Larry Goddard was born and educated in South Africa and has over 25 years of experience helping companies throughout North America enhance their performance and profitability. He is the President of the Parkland Group, Inc., of Cleveland, Ohio, which he founded in 1989 to provide specialized turnaround and business improvement services. Mr. Goddard has extensive experience in manufacturing businesses of all types, as well as distribution, retail, service, and construction businesses. From 1982 to 1990, Mr. Goddard was the President and Chief Executive Officer of WACO International, a national manufacturer and distributor of construction equipment and supplies located in Cleveland. At WACO, Mr. Goddard led the acquisition of eight companies, which resulted in the growth of revenues from $8 million to over $100 million. He is a Canadian Chartered Accountant, a Chartered Business Valuator, and a Certified Turnaround Professional and serves on numerous corporate advisory boards.
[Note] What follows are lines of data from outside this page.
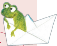
Illustration: Michael Röber, aus „Guten Morgen, schöner Tag!“ von Elisabeth Steinkeller

Download aller Bilderbuch-Kalender: www.tyroliaverlag.at/bilderbuchkalender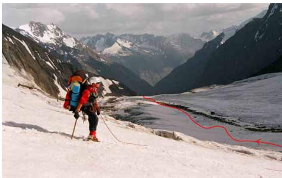
Фото № 118. Ледник Рама после спуска из цирка перевала Абалакова.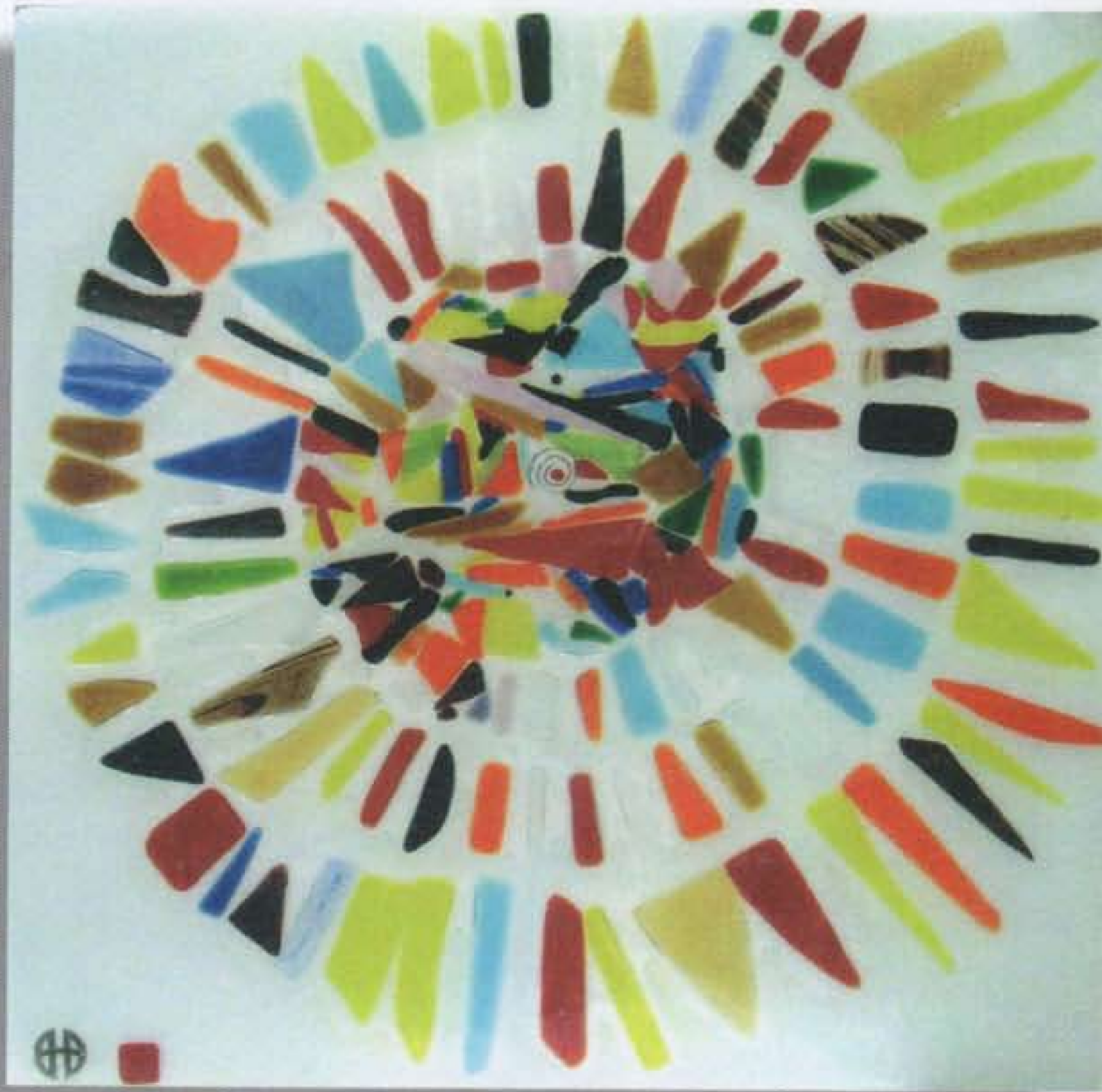
Título: En el espiral / técnica: vidrio fusionado / 2009 / autor: H. Barajas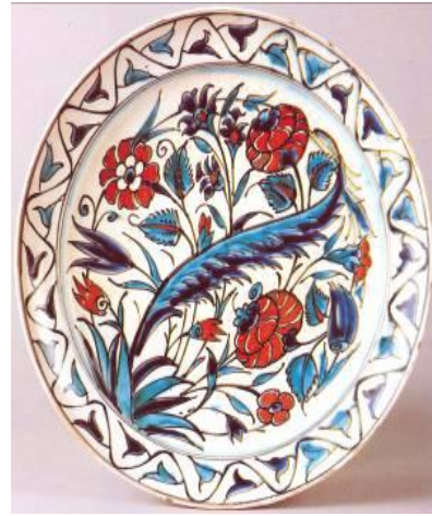
Res. 14: Hollanda üretimi tabak, De Porceleynne Fles (Den Haag, Gemeentemuseum)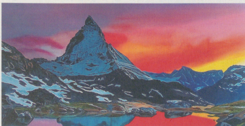
Realitätsnah, mit persönlicher Note: Ölbild von Waldemar Lening.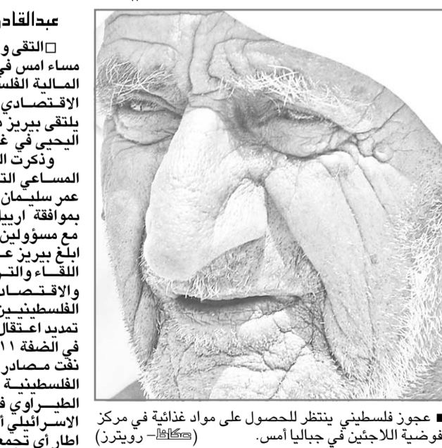
عجوز فلسطيني ينظر للحصول على مواد غذائية في مركز مفرضية اللاجئ في جبالياً، أس.

□ التقى وزير الخارجية الإسرائيلي شيمون بيريز مساء امس في القدس المحتلة مع سلام فياض وزير المالية الفلسطيني. وتم خلال اللقاء بحث الوضع الاقتصادي الفلسطيني واصلاحه. ومن المقرر ان يلتقى بيريز مع وزير الداخلية الفلسطيني عبدالرزاق البلجيني في غضون الاربعة والعشرين ساعة القادمة. وذكرت المصادر القريبة من الرئيس عرفات ان المساعي التي قام بها رئيس المخابرات المصرية عمر سليمان في التي قادت الى ترتيب هذا الاجتماع بموافقة اربيل شارون الذي كان يرفض عقد أي لقاء مع مسؤولين فلسطينيين وذكرت المصادر ان شارون ابلغ بيريز عدم طرح أي مسائل سياسية خلال هذا اللقاء والتكرير فقط على المسائل الأمنية والاقتصادية وبحث التسهيلات للمواطنين الفلسطينيين من جهة اخرى قررت اسرائيل أمس تعديد اعتقال مروان البرغوثي أمين سر حركة فتح في الضفة ١١ يوماً من نون محاكمة. وعلى صعيد آخر نفت مصادر فلسطينية نيا اقالة مدير المخابرات الفلسطينية في الضفة الغربية العميد توفيق الطيراوي في غضون ذلك أقر مجلس الوزراء الاسرائيلي امس قانوناً يمنع اقامة عرب «٤٨» في اطار أي تجمعات سكنية يهودية. (تفاصيل ص ٢٦)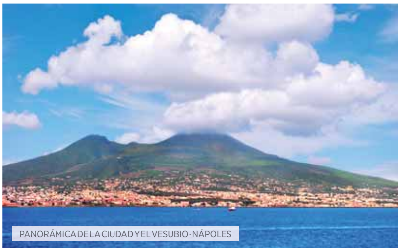
PANORÁMICA DE LA CIUDAD Y EL VESUBIO · NÁPOLES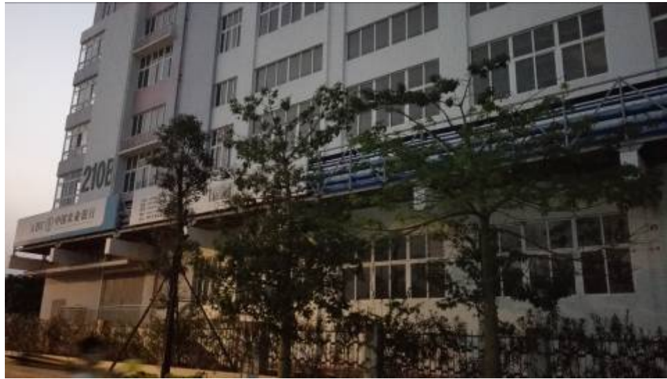
图 2-1 崖门电镀基地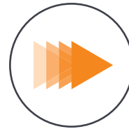
Auto-Tracking mit 2 Achsen-Gimbal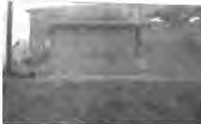
Hozat - Hadişer Köyü.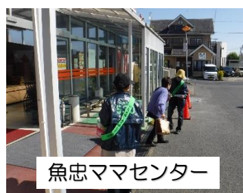
魚忠ママセンター

10月の3R推進月間及び食品ロス削減月間にごみを減らそうプロジェクトと市が共同で、買い物バッグ持参及び食品ロス削減を呼びかける「環境に優しい買い物キャンペーン」を市内小売店舗で実施しました。ポケットティッシュやチラシを配布し、買い物バッグ持参、家庭でできる食品ロス削減対策を呼びかけました。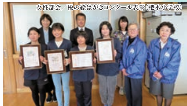
女性部会／税の絵はがきコンクール表彰(杷木小学校)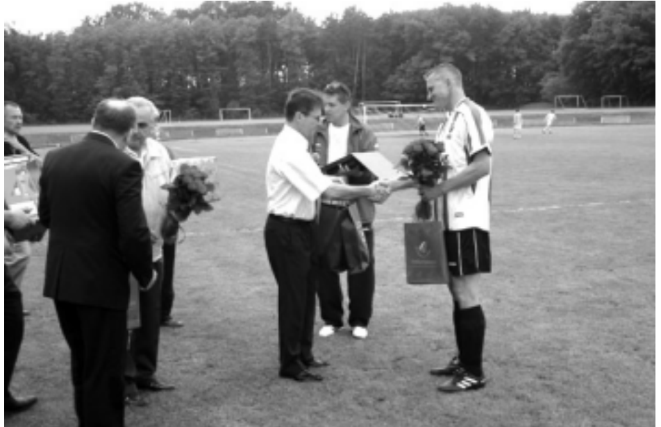
Gorące słowa podziękowania za wieloletni gr

Mr. Goddard is also the author of several well-received books on business improvement, including “Corporate Intensive Care: Why Businesses Fail and How to Make Them Succeed.”
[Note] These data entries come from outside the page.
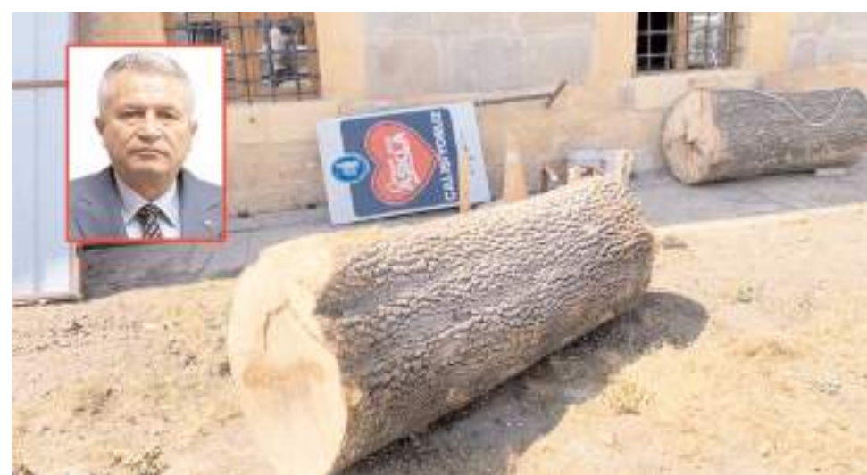
Zafer Partisi İl Başkanı Bedii Onan, ağaç kesimine tepki gösterdi.

"Taşı, binayı, çevreyi restore ettiniz. Tamam da ağacı da restore ettiniz. Bizim çocukluğumuzun döneminde var olan o güzelim ağaçlar dipten kesildi. Camii bahçesinde ağaç kalmadı. Batı kapısı tarafında asma ağacı vardı. İnşallah asma ağacını da kesmemişlerdir. Böyle bir restorasyon olmaz. Halkın kullandığı alan ve mekânları vatandaşa sormadan söküp, kesip dağıtmak nedir? Sizin dizayn ettiğiniz ortamı kabullemek zorunda mıyız? Restorasyon çalışmalarıyla bahçedeki bütün ağaçları kestiler.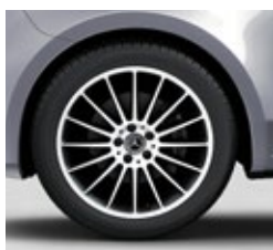
48,3 cm (19") platišča iz lahke kovine (RK3)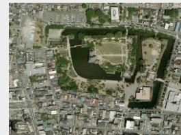
事業着手前の現状(上空から)

南・西外堀の復元整備により、松本城と城下町が一体となった歴史的景観を創出し、城郭としての風格や魅力の向上を図ります。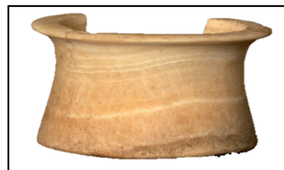
تصویر ۸. نمونه از ظروف مرمری، گنورتپه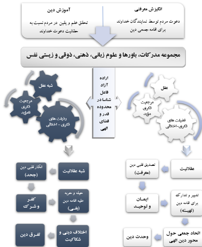
شکل ۳. جایگاه عوامل معرفتی و غیرمعرفتی مؤثر در اختلاف و تفرقه دینی

بدین ترتیب ایجاد انحراف در معیارهای عقلانیت از طریق ۱. «سلب مرجعیت معرفتی از انبیا و اوصیا» و جایگزینی مراجع دروغی و فاقد تأیید، و ۲. «ترویج شبه‌عقل/جهل» به جای عقل، سبب بسط شبه عقلانیت (جاهلیت و شیطنت) به جای عقلانیت، مانع از حصول و ظهور مراتب مشکک باور دینی و معرفت جمعی نسبت به آموزه‌های انبیای الهی و عامل بغی اجتماعی، اختلاف دینی، تفرق دین و انحراف از صراط مستقیم شده است. الگوریتم بعدی تلاشی برای نمایش عوامل مؤثر در این فرایند تاریخی است: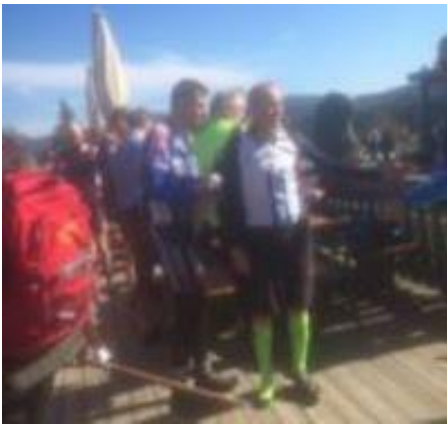
AGGER på cykeltur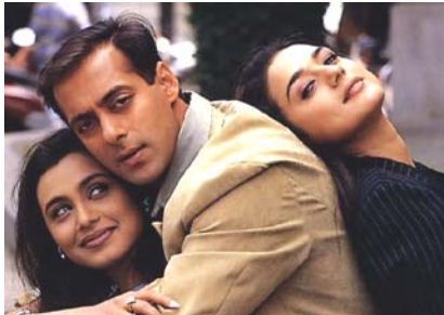
v.l.n.r.: Rani Mukherjee, Salman Khan & Preity Zinta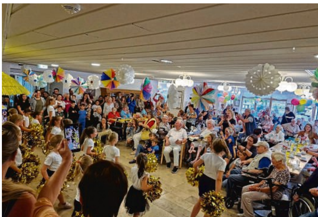
Begeisterten ihr Publikum: Die Cheerleader des VfL Wolfhagen absolvierten beim Sommerfest im Seniorenzentrum Wolfhagen einen mitreißenden Auftritt.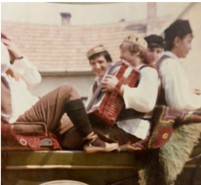
Budakalászi és pomázi szerb fiúk locsolkodása 1979-ben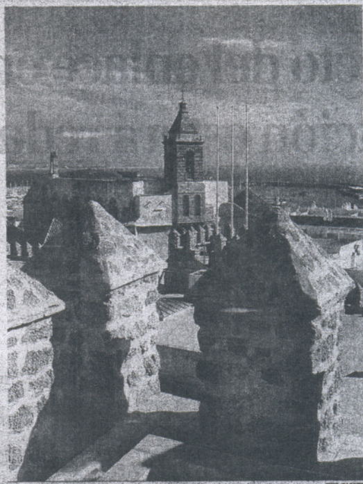
Vista de la localidad de Rota, que permaneció ayer toda la tarde sin agua.

La central de averías de Aquilla y los servicios de emergencia atendieron centenares de llamadas de vecinos advirtiéndoles de los problemas con el agua durante toda la tarde, mientras los técnicos de la Agencia se afanaban en el arreglo del emisario. La reparación finalizó sobre las ocho y la Villa recuperó el suministro entero alrededor de las diez.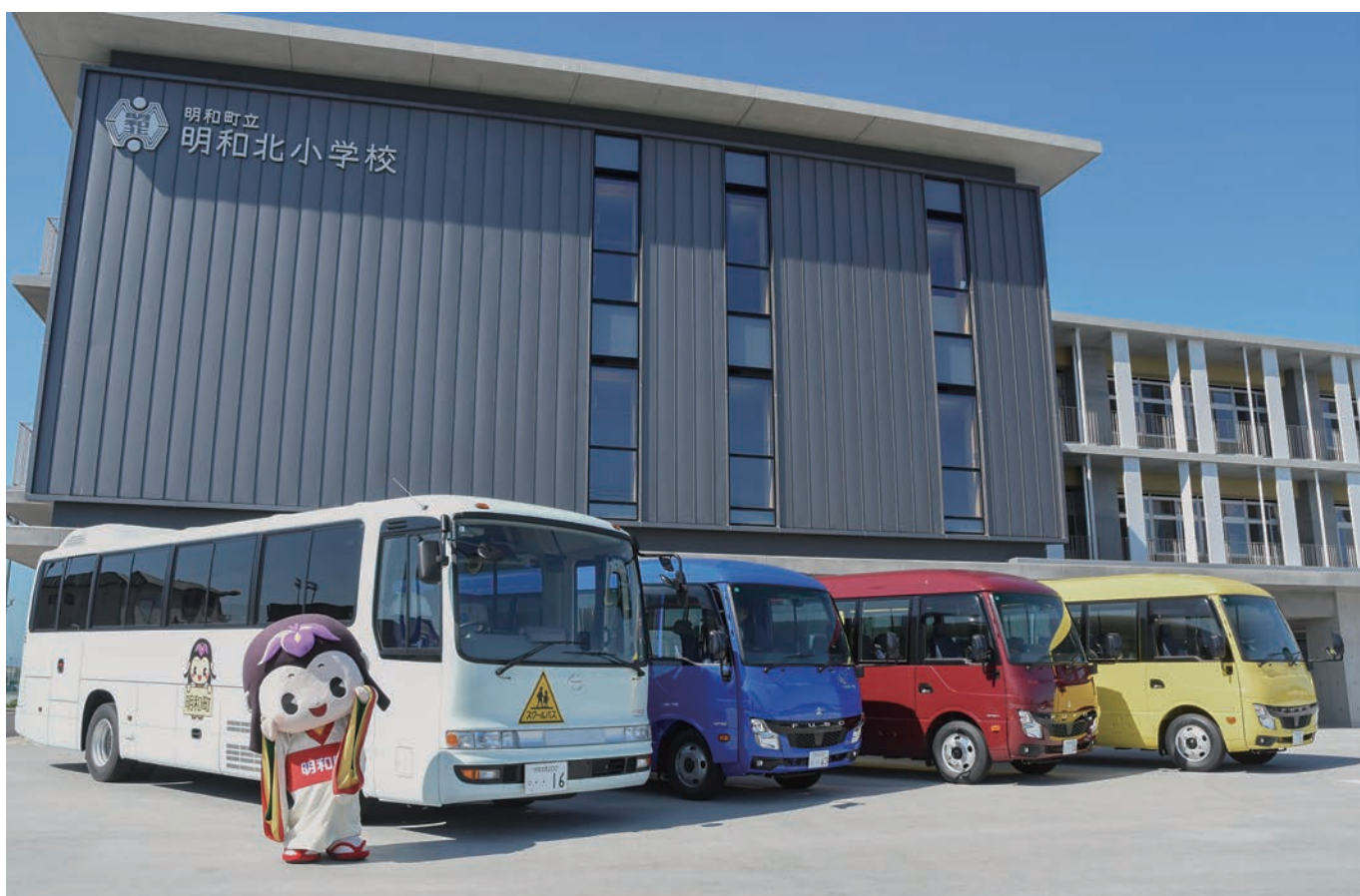
4月から運行の明和北小学校スクールバス

Mr. Goddard replaces Ronald A. Casentini, who resigned from the Board effective July 15, 2008. Mr. Casentini had been serving as a member of the Company’s Board of Directors, as Chairman of the Board’s Audit and Finance Committee, and as a member of the Board’s Compensation Committee. On July 18, 2008, the Board appointed Michael Kasper, one of the Company’s Directors and a member of the Audit and Finance Committee, as Chairman of that Committee, a position that Mr. Kasper had held prior to Mr. Casentini joining the Board.
 
 
 

 
 
About Energy Focus, Inc.
Energy Focus, Inc. (NASDAQ: EFOI), designs, develops, manufactures and markets lighting systems for wide-ranging uses in both the general commercial and the pool and spa lighting markets. Energy Focus EFO® systems offer energy savings, heat dissipation and maintenance cost benefits over conventional lighting for multiple applications. The Company’s headquarters are located at 32000 Aurora Rd., Solon, Ohio. The Company has additional offices in California, the United Kingdom, and Germany. Telephone: (440) 715-1300. For more information, see www.energyfocusinc.com.
 
 
Forward-looking statements in this release are made pursuant to the safe harbor provisions of the Private Securities Litigation Reform Act of 1995. Such forward-looking statements include statements regarding the business outlook for 2008 and thereafter, future pool market sales, and the potential growth of EFO sales based upon its energy savings over halogen and fluorescent lights. Investors are cautioned that all forward-looking statements involve risks and uncertainties. Actual results may differ materially from the results predicted. Risk factors that could affect the Company’s future include, but are not limited to, a slowing of the U.S. and world economies and its effect on Energy Focus’ markets, failure to develop marketable products from new technologies, failure of EFO or other new products to meet performance expectations, unanticipated costs of integrating acquisitions into the Energy Focus operation, delays in manufacturing of products, increased competition, other adverse sales and distribution factors, and greater than anticipated costs and/or warranty expenses. For more information about potential factors which could affect Energy Focus financial results, please refer to the Company’s SEC reports, including its Annual Report on Form 10-K for the year ended December 31, 2007, and its quarterly reports on Form 10-Q. These forward-looking statements speak only as of the date hereof. Energy Focus disclaims any intention or obligation to update or revise any forward-looking statements.